COLLECTED DATA:
________________________
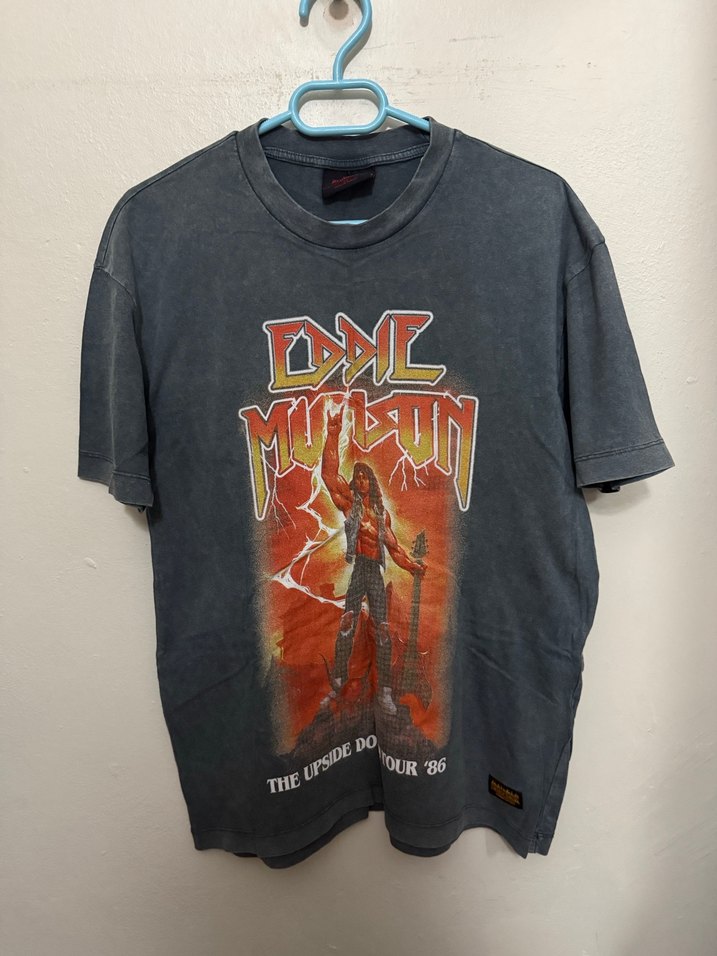 Gri renk, metalik baskılı Eddie Munson figürlü, kısa kollu, yuvarlak yaka, bol kesim erkek tişörtü. ⚡
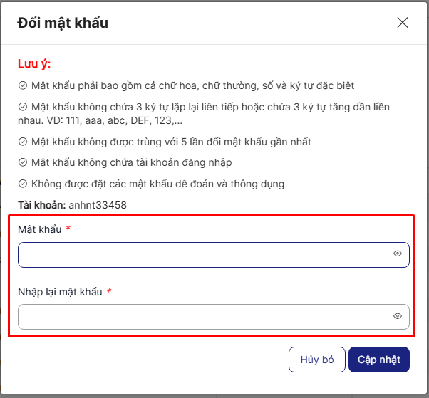 - Mật khẩu không được trùng với 5 lần đổi mật khẩu gần nhất
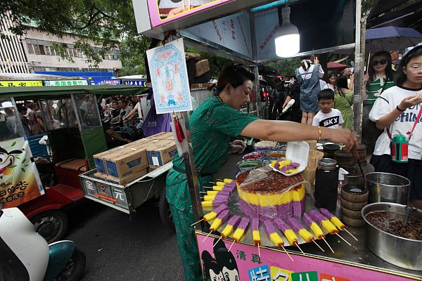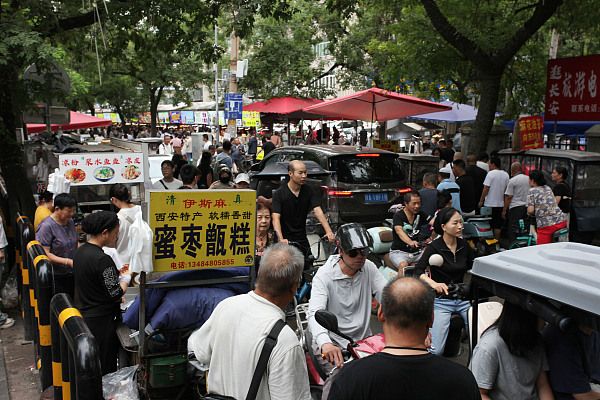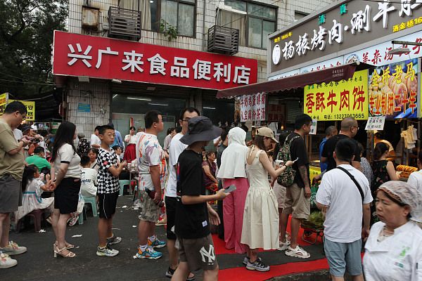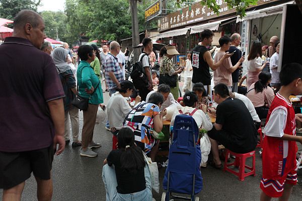 2024年8月4日,西安,回坊洒金桥人潮涌动,众多外地游客慕名前来品尝西安美食。
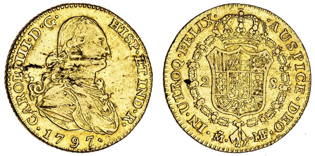 (x) Spain, Charles IV (1788-1808), Madrid, 2-Escudos, 1797 MF, bust right, rev. crowned shield (F.296; KM 435.1), metal flaws on obverse, very fine
________________________
The lines to copy run from the one with "2024年8月4日,西安,回" through the end of the material. Write them out exactly, leaving out the pictures.

ANSWER FOR THE TASK:
 2024年8月4日,西安,回坊洒金桥人潮涌动,众多外地游客慕名前来品尝西安美食。
 (x) Spain, Charles IV (1788-1808), Madrid, 2-Escudos, 1797 MF, bust right, rev. crowned shield (F.296; KM 435.1), metal flaws on obverse, very fine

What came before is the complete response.